I love, love, love the story metaphor. That’s what our lives are: stories.
PS: Thank you for visiting and sharing your happiness with me about Lauren Winner. It was great to see your name and face when I checked the comments — such a surprise, and a welcome one, at that!
Oh, I love that metaphor. I can’t wait to see what happens next in your story. And I’m so thankful that we know it’s ultimately a love story, so it’s going to have a great ending!ht
God is good, ALL of the time. Cling to hope in Him, and never lose your sense of humor. May the joy of the Lord be your strength!
P.S. Reading your post reminded me of some verses from 2 Corinthians 3 and 4. I’ve written a post weaving my reflections in with selections from your post and portions of those chapters. I’m praying for you, and this post is part of my very wordy (sometimes confused) groaning, lamenting and celebrating the faithfulness of God on your behalf:
http://eclexia.wordpress.com/2007/11/11/radiating-with-the-glory-of-god/
Charity, You are radiating, and I (like l.l.) am simultaneously glad and humbled that your story is part of what gives me courage to live out my story. But, I’m also grieving that it has to be that way. I don’t know you; I’m thankful for the joy and encouragement God is giving you in the middle of it, but I still wish this cancer didn’t have to be part of your story. I wish it was, well, I guess, I wish what we know now was already like heaven.
a story. duh! That is so perfect for you. You tell a story so well. It’s so simple that I overthought it! 🙂
You’re in our thoughts and prayers, and here’s hoping you have a great Fall day!
Chills… I have chills of hope and of the sure knowledge of God’s goodness in all things as I read your words, Charity. Thank you so much for sharing your experience with us all. You amaze me. 🙂
Praying for a radiant end to your cancer story.
Miriam
Charity,
So good to see all this as a journey together. I look forward to the time when we’re all together in the new heaven and new earth. But now is the time when we can seek to pray and walk through these hard and troubling times together, in Jesus, and seek to reflect his glory together in “God ways” in this world. We all do need ptayer, but we especially band together to pray for you during this time in your life.
Thanks so much for your contfinued sharing.
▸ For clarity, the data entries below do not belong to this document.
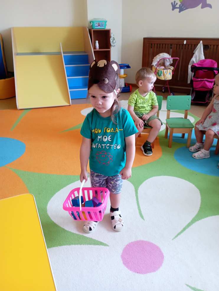 Малыши, надев на голову маску, с трепетом изображали, как мишка танцует, а затем собирает шишки.
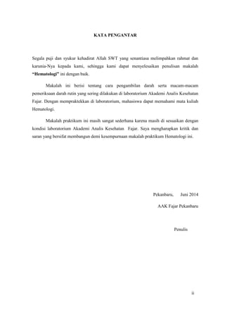 Dokumen tersebut merupakan makalah hematologi yang membahas tentang cara pengambilan darah vena dan kapiler, cara memperoleh plasma dan serum, pemeriksaan kadar hemoglobin, dan hitung jumlah leukosit.
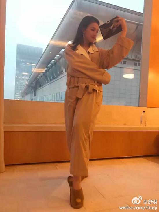 照片中,舒淇穿著一身疑似睡衣的卡其色連體褲,搭配黑色手包,正擺出拍攝平面硬照的高難度姿勢(shì),妝容完整的她最惹人注目的造型配件卻是腳下的一雙棉拖鞋。
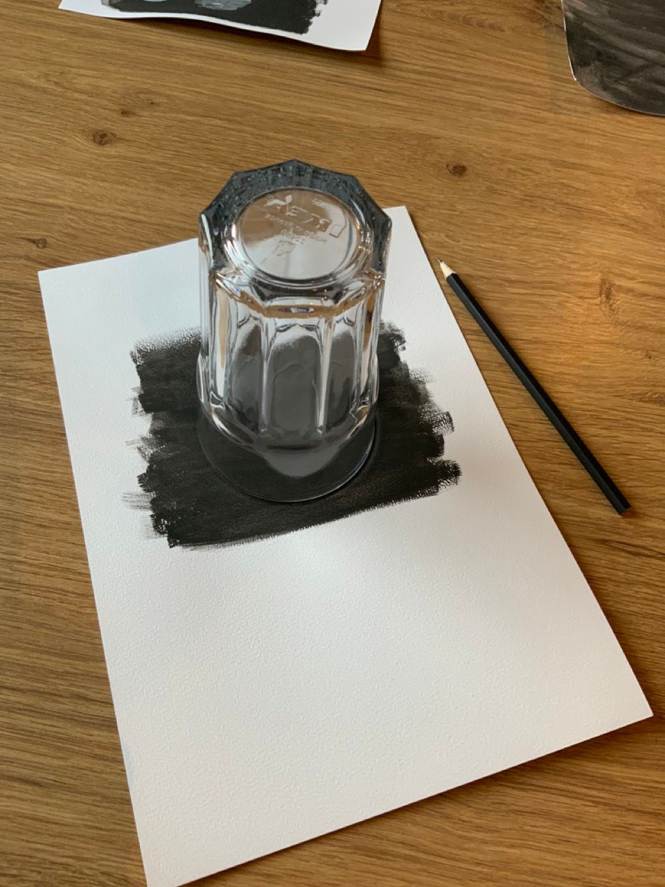 Glas, Aquarellfarben schwarz und weiß, Aquarellpapier, Wasser (alternativ ist das ganze natürlich auch mit allen anderen Farben möglich).

So glad you were encouraged yesterday.
The radiation afterglow Craver speaks of has reached Colorado, I feel it now.
We love interceeding and hearing reports, keep it up as best as you can.
With all the love and prayer I can muster up,
Carl
A chapter. That’s borderline GENIUS! And with so many of us loving books, why hadn’t I thought of that? (Don’t answer that.)
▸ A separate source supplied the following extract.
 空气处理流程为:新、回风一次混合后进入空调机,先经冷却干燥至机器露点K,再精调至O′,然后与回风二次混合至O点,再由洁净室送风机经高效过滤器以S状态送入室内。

Now here’s something interesting. I am detecting zero rads, and yet you are causing your readers to glow. Very interesting indeed.
Still praying. 🙂
Nancy — So glad to be sharing the sunshine with you today. What a ministry for you today to sit with grandma. The past few days, friends and family have sat with me on the couch and rubbed my feet for hours. Such a humbling, gospel ministry to me in that moment.
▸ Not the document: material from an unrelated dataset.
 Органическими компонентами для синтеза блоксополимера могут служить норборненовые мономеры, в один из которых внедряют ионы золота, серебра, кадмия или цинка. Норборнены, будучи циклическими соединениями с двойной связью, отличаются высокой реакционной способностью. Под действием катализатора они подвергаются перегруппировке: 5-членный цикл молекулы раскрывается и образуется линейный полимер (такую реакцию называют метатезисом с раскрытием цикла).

LL — No tears! I am just happy to have a metaphor. And excitingly, some of that cornbread is starting to sound good! (Let’s hear it for the returning appetite!) I do know the pain of the sacred sorrow you are expressing, too. It’s an important part of the story.
Not fair. You’re making me weep just when I’m supposed to be making corn bread. I can’t stand that you are facing this, you know? I can’t stand it for you, and, as you so eloquently point out… it is part of my story now and I can’t stand that either. This is my “sacred sorrow” expressed today, which I trust He will translate to worship, because it’s the truth. It is.
sunny in indy today…i am watching grandma today while grandpa plays golf with peter (my husband, his son) grandma has altzhimers.(never sure of the spelling, sorry) and my 10 year old threw up last night so she is watching tv. cartoons and sipping on club soda. i am almost over my cold…just a little cough left and almost done with the tissues.
glad to see the sun out!
anyway, i want to tell you that you are a wonderful writer! i really enjoy reading your posts.